Relative enzyme activity assays

OsCyc1 mutants used in relative enzyme activity assay were full-length and purified by Ni affinity chromatography followed by Superdex^TM200 HR 10/300 gel filtration except for proteins that were used in new product identification experiments. OsCyc1 proteins were collected in buffer A (20 mM Tris-HCl pH 8.0, 200 mM NaCl, 2 mM DTT), except H275L, I311V, Y317F, H357W and L400F which were collected in buffer B (20 mM Tris-HCl pH 8.0, 200 mM NaCl, 2 mM DTT, 5 mM MgCl₂). The relative enzyme activity experiments were performed in a 100 μL solution A, except for H275L, I311V, Y317F, H357W and L400F which were performed in solution B.

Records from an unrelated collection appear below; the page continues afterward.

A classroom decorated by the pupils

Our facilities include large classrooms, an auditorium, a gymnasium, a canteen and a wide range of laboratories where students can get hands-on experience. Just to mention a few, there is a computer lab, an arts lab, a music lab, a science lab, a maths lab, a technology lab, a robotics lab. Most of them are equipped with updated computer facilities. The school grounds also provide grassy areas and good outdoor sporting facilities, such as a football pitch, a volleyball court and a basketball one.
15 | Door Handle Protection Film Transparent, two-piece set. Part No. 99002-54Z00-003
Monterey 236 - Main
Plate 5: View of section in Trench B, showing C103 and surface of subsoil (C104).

For the determination of the relative enzyme activity of the mutant variants used for enzyme activity comparison, solutions were supplemented with 2.5 μg GGPP and 50 μg protein, and the reactions were allowed to proceed for 2 h at 16 °C. For the determination of the relative enzyme activity of H275L/H357W/L400F, solutions were supplemented with 10 μg GGPP and 300 μg protein, and the reactions were allowed to proceed for 2 h at 16 °C. For the determination of the relative enzyme activity of mutants in Supplementary Fig. 18a–c and 18e (except for OsCyc1), solutions were supplemented with 30 μg GGPP and 600 μg protein, and the reactions were allowed to proceed for 2 h at 16 °C.

Two units of alkaline phosphatase (calf intestinal (CIP) (NEB)) were used for dephosphorylation for 2 h. Then the reaction solution was extracted with 600 μL n-hexane twice. The n-hexane extract was evaporated to dryness under a gentle nitrogen flow and then resuspended by 80 μL n-hexane.

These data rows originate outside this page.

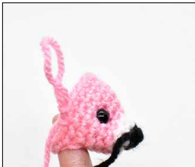
Figure 7: Eye placement
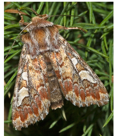
Fig. 2: Panolis flammea resting.
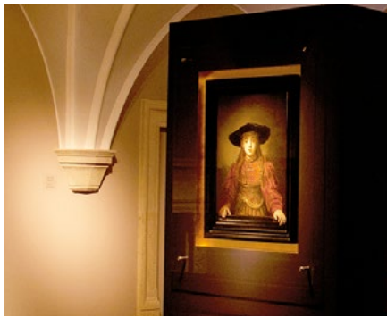
Rembrandt's painting Girl in a Picture Frame (1641), Rembrandt, part of the Royal Castle collection since 1994
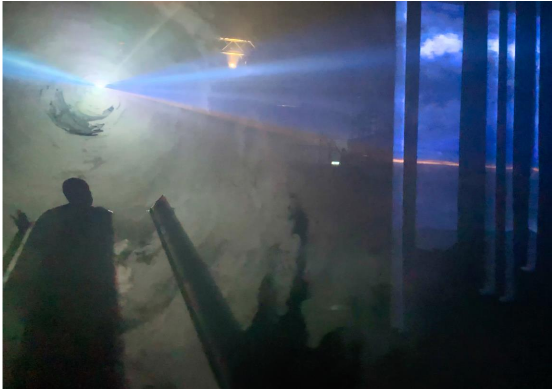
Figure 7: Interacting with Tactile Vision and Voice (Watkins, J., 2022)
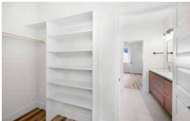
View of Bathroom, Bedroom from Walk-in Closet
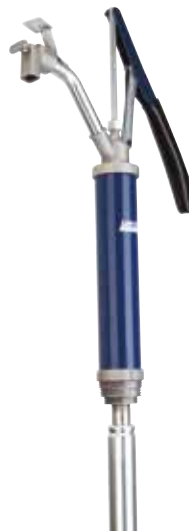
Model 1340 lever-action barrel pump
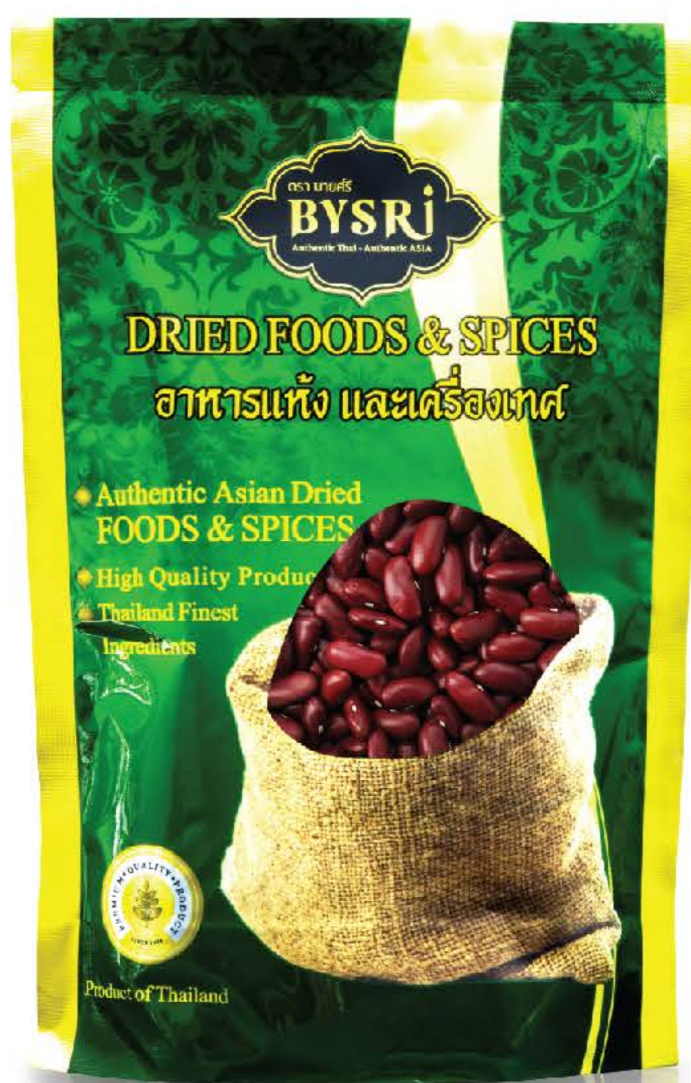
RED KIDNEY BEAN BYSRI BRAND
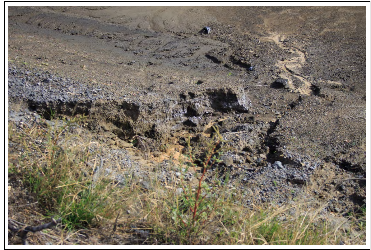
Photograph: 14 North Bottom Ash Pond – standing on western berm – facing east. Erosion features on inside of western berm. Photo taken 12/16/15.
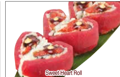
Sweet Heart Roll
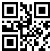
Cancel the previous read a string of data
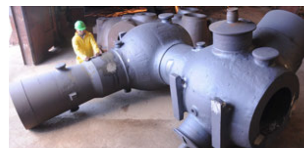
IV & CV Casing
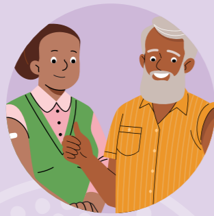
People 65 years and older

For the determination of relative enzymatic activity of OsCyc1 under varying concentrations of magnesium ions, 2.5 μg GGPP and 40 μg of protein were incubated for 2 hours at 16 °C. Different magnesium ion concentrations were achieved by adding additionally 0 mM (control group), 2 mM, 5 mM, 10 mM, 20 mM, 30 mM, and 50 mM magnesium chloride to buffer A. For both the control group and reactions with added magnesium ions, each reaction was performed in triplicate. Alternatively, the enzymatic activity was assessed with 5 μg GGPP and 100 μg of protein in the presence of buffer A with the additional supplementation of 1 mM, 5 mM, and 10 mM ethylenediaminetetraacetic acid tetrasodium salt (EDTA). Reactions involving the addition of EDTA were performed once for each reaction.

The identification of new product of OsCyc1^5Mu was carried out in buffer B, containing 30 μg GGPP and 300 μg OsCyc1^5Mu, at 16 °C overnight. After being dephosphorylated by alkaline phosphatase, the product was extracted three times, with each extraction using 900 μL n-hexane.

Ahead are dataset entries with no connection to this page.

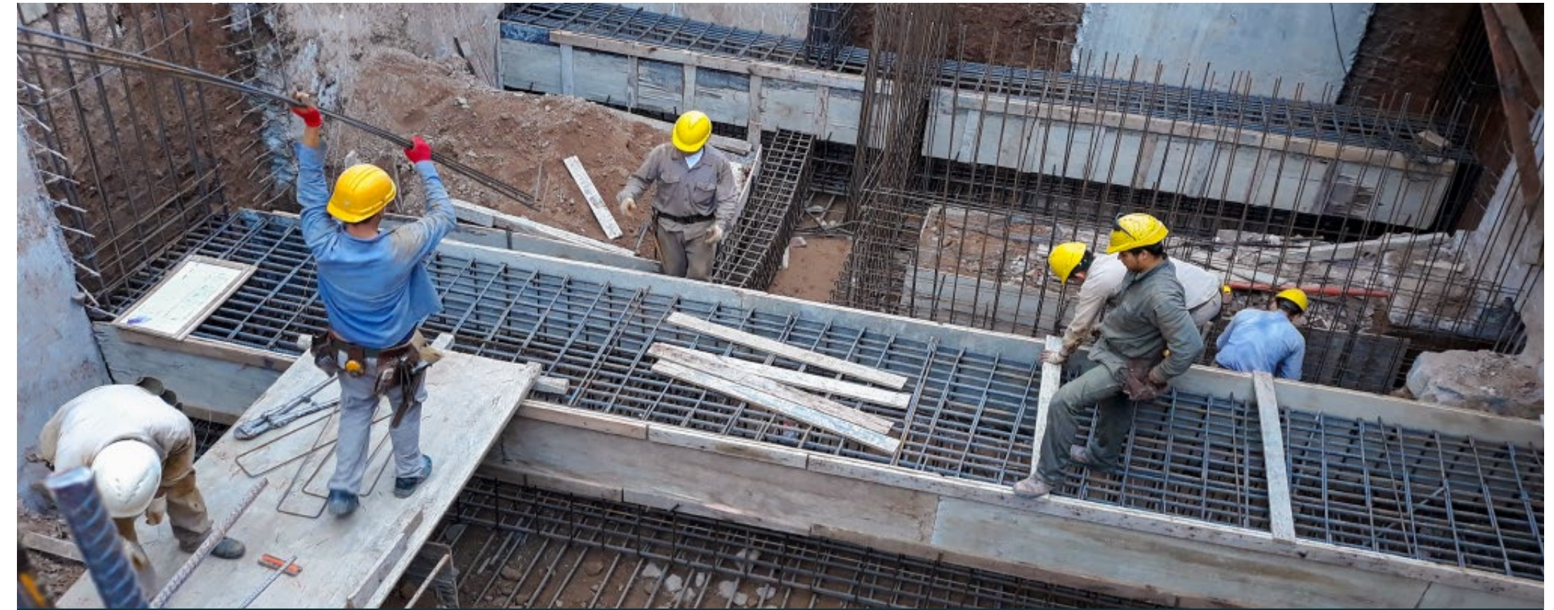
Allegra - Eco-Sustainable 9-story building at Buenos Aires

Construction management is essential to ensure the project is executed as planned. We supervise each phase of construction regularly, setting timelines, payment schedules, and coordinating progress to ensure the project is completed on time and within scope.
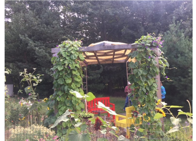
Shade covered gazebo with Benches
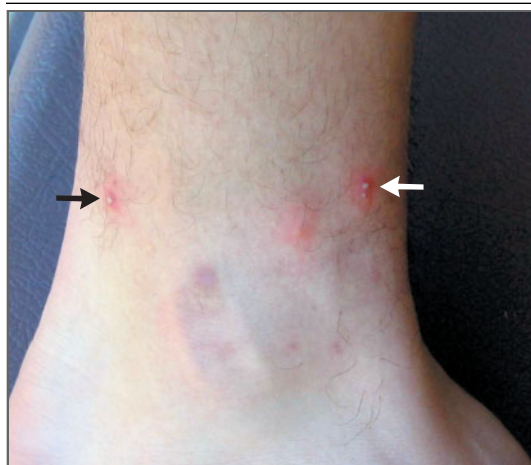
Figure 2. Stings from a Fire Ant on an Ankle, Showing the Pseudopustule.

The clustering of the stings (white arrow) contrasts with the single sting (black arrow) in the photograph, which was taken 24 hours after the event. This pattern is typical of fire-ant stings, as one ant will often inflict multiple stings in a semicircular arc if given time to do so. Also, the pseudopustule is typical of fire-ant stings; it is not a pustule. The stings occurred just above the level of the ankle sock the patient was wearing on the day of the event.
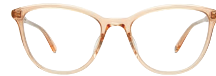
Pink Crystal 1078-51-HEN
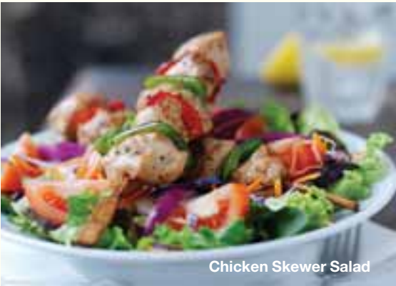
Chicken Skewer Salad
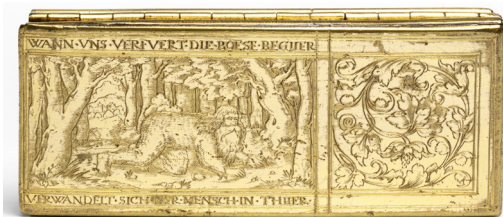
Writing Box, Gilt brass, Germany, ca. 1550, depicting a wild man and scenes of chaos, Mus. No. M.2823-1931

Brass is a versatile metal. It is both a working metal and a decorative one. Its use in horology reflects its qualities as a soft metal ideal for engraving dials on precision instruments. Candlesticks cast in moulds and basins beaten into form from sheet represent an industrial metal marketed for a range of mass-produced items. Exquisitely chased tobacco boxes and bowls reveal brass as an 'art' metal.
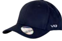
Classic Navy Code: CLAS03
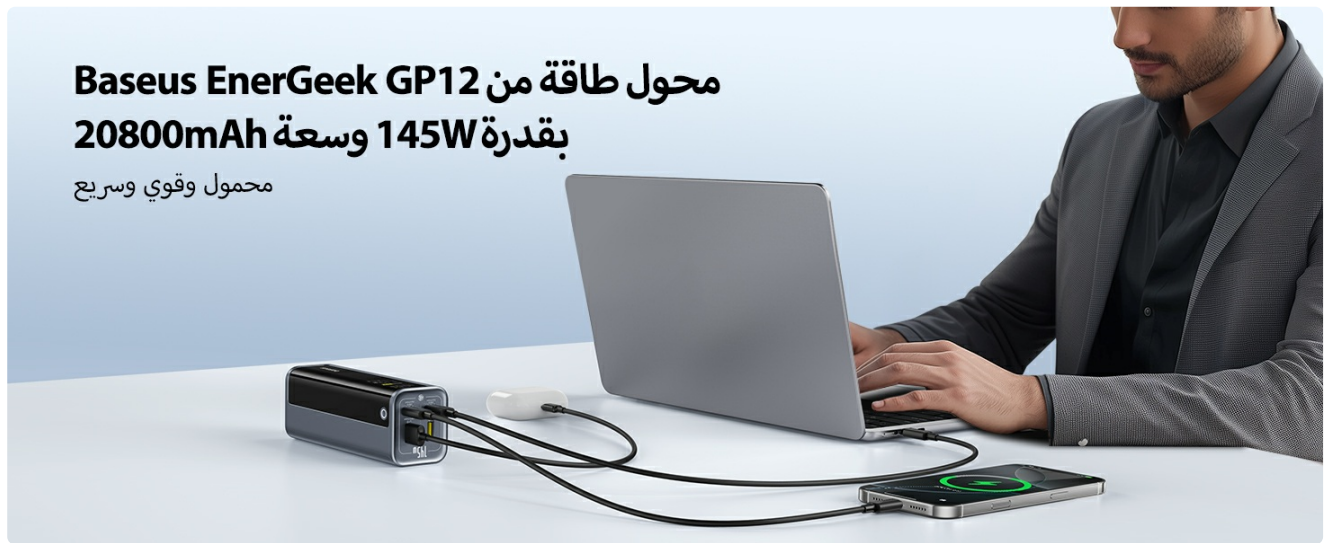
Image: The power bank simultaneously charging a laptop via a 100W USB-C port and a smartphone via a 45W USB-C port.
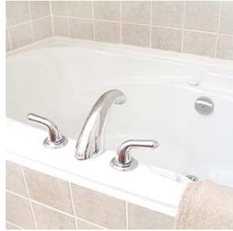
Bath 80 litres
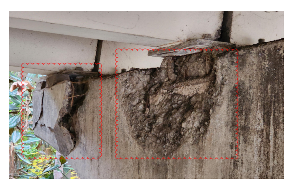
Spalls With Exposed Rebars on the North Pier
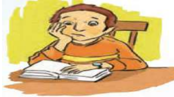
The book was boring.
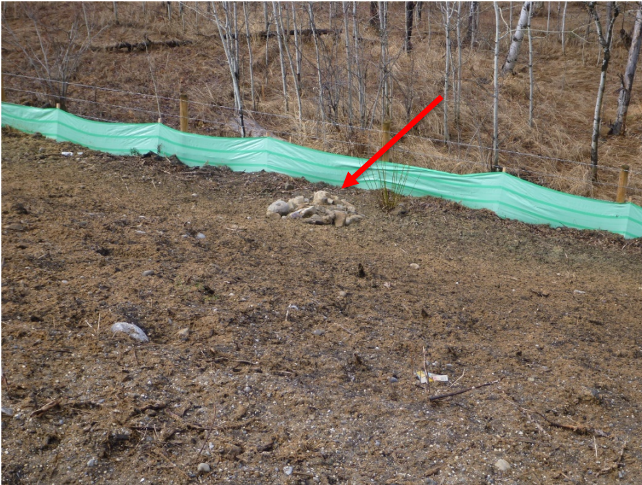
Photo 4 East side of highway ditch. Some erosion noted. Rolled erosion control product not used on ditch bottom. Vegetation not established on slopes. Photo taken facing northeast on April 30, 2018.

200 μg MDS^D611A and 200 μg SmKSL were utilized to catalyze 10 μg GGPP, and the resulting product was used as a standard for miltiradiene. Similarly, 300 μg TwCPS3 and 200 μg AtKS were used to catalyze 10 μg GGPP, and the product was served as a standard for ent-kaurene.

For the identification of the new product of OsCyc1^5Mu, two separate reactions were conducted. In the first reaction, 600 μg OsCyc1^5Mu and 600 μg SmKSL were used to catalyze 100 μg GGPP in buffer B overnight, with a total volume of 500 μL. In the second reaction, 600 μg OsCyc1^5Mu and 600 μg AtKS were used to catalyze 100 μg GGPP under the same conditions. After each reaction, the product was extracted three times, with each extraction using 900 μL of n-hexane.

In the above experiments, the n-hexane extract was evaporated to dryness under a gentle nitrogen flow and then resuspended in 80 μL of n-hexane to obtain the test sample. GC-MS analysis was carried out on a DB-5MS column using helium as a carrier gas. 5 μL samples were injected. Initial oven temperature was set at 50 °C for 2 min followed by a 20 °C /min gradient to 300 °C and held for 10 min.